Ervin Laszlo, Science and the Akashic Field: An Integral Theory of Everything
“The universe’s microwave background radiation proves to be isotropic—the same in all directions. This radiation is believed to be the remnant of the Big Bang; according to BB theory, it was emitted when the universe was about 400,000 years old. The problem is that at that point in time the opposite sides of the expanding universe were already ten million light-years apart. By that time, light could have traveled only 400,000 light-years, so no physical force or signal could have connected regions ten million light-years distant.
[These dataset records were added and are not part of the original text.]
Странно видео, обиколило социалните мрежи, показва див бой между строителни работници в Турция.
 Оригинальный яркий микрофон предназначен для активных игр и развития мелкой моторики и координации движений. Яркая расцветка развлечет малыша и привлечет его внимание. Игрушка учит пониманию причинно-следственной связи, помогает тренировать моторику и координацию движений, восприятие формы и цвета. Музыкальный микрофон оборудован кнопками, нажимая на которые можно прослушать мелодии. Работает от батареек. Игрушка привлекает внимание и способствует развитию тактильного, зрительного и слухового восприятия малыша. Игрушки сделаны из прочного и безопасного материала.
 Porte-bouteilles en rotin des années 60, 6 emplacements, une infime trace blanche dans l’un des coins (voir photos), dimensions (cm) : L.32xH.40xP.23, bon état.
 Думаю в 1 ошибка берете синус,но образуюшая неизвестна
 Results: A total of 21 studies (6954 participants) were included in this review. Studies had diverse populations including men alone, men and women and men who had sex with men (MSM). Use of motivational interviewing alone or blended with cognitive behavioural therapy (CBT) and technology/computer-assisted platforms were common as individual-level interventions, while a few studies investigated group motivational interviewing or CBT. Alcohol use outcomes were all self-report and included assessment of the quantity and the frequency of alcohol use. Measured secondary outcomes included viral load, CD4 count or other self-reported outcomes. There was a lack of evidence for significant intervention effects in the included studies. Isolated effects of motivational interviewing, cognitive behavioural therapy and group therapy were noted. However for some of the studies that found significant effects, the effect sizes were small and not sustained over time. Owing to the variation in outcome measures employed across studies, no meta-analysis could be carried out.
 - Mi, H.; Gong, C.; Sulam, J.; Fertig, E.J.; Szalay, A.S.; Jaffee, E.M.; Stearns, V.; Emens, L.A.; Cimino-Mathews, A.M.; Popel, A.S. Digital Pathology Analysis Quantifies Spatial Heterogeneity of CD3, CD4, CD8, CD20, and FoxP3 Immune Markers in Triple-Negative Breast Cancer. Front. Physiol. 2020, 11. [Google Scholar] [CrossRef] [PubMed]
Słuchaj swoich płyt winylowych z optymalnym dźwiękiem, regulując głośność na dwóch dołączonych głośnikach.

Yet the cosmic background radiation is uniform for billions of light-years wherever we look in space.”
Ervin Laszlo, Science and the Akashic Field: An Integral Theory of Everything
“Gustav Fechner, the pragmatic founder of experimental methods in psychology, came to much the same conclusion. “When one of us dies,” he wrote after recovering from a serious illness, “it is as if an eye of the world were closed, for all perceptive contributions from that particular quarter cease. But the memories and conceptual relations that have spun themselves round the perceptions of that person remain in the larger Earth-life as distinct as ever, and form new relations and grow and develop throughout all the future, in the same way in which our own distinct objects of thought, once stored in memory, form new relations and develop throughout our whole finite life.”
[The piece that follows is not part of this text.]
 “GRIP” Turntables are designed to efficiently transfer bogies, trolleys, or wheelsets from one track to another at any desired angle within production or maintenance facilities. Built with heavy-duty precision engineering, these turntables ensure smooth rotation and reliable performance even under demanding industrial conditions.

Ervin Laszlo, Science and the Akashic Field: An Integral Theory of Everything
“The “phase conjugation” that transmits information in holograms is a particular kind of selective resonance. It occurs when two interpenetrating wavefields contain synchronized oscillations at the same frequency. In that event the conjunction of the individual waves creates a spatially and temporally coherent channel of communication between the objects that emit the wavefields. Even when the wavefields contain oscillations at different frequencies, if they are in harmonic resonance (that is, when they constitute a series of two, four, eight, etc., waves per cycle, with synchronized peaks and troughs across the series) they produce a coherent channel of communication.”
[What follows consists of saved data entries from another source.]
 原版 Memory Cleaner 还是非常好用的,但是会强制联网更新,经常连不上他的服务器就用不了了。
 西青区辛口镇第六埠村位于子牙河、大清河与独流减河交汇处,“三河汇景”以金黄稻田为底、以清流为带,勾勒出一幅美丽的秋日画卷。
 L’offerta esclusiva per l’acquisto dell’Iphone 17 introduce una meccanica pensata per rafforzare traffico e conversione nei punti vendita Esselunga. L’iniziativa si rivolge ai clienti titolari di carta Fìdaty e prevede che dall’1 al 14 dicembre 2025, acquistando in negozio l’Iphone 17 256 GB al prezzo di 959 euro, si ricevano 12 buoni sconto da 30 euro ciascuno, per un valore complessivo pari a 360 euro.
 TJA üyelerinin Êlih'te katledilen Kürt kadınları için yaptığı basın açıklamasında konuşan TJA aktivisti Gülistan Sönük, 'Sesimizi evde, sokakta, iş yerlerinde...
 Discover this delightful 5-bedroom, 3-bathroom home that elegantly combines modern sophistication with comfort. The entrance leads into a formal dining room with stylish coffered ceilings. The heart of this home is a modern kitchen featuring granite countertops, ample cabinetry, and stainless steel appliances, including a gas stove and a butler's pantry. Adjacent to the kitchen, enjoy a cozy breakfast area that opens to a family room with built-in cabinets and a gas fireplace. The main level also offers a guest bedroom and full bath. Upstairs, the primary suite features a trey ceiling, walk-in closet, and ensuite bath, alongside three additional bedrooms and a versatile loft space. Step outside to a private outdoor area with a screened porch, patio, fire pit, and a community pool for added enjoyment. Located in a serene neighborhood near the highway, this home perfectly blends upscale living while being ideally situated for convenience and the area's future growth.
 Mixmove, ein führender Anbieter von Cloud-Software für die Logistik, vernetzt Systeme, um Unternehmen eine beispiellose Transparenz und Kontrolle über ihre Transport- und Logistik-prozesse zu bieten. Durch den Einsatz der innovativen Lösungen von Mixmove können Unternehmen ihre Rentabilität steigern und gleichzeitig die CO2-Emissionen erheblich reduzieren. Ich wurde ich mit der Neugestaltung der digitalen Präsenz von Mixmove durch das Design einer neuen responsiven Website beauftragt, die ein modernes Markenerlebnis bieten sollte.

Ervin Laszlo, Science and the Akashic Field: An Integral Theory of Everything
“Physicists discovered that all things in the universe are constantly oscillating at different frequencies. These oscillations generate wavefields that radiate from the objects that produce them. When the wavefield emanating from one object encounters another object, a part of it is reflected from that object, and a part is absorbed by it. The object becomes energized and creates another wavefield that moves back toward the object that emitted the initial wavefield.”
Ervin Laszlo, Science and the Akashic Field: An Integral Theory of Everything
“In the in-formed universe our brain/ mind can access a broad band of information, well beyond the information conveyed by our five sensory organs. We are, or can be, literally “in touch” with almost any part of the world, whether here on Earth or beyond in the cosmos. When we do not repress the corresponding intuitions, we can be in-formed by things as small as a particle or as large as a galaxy.”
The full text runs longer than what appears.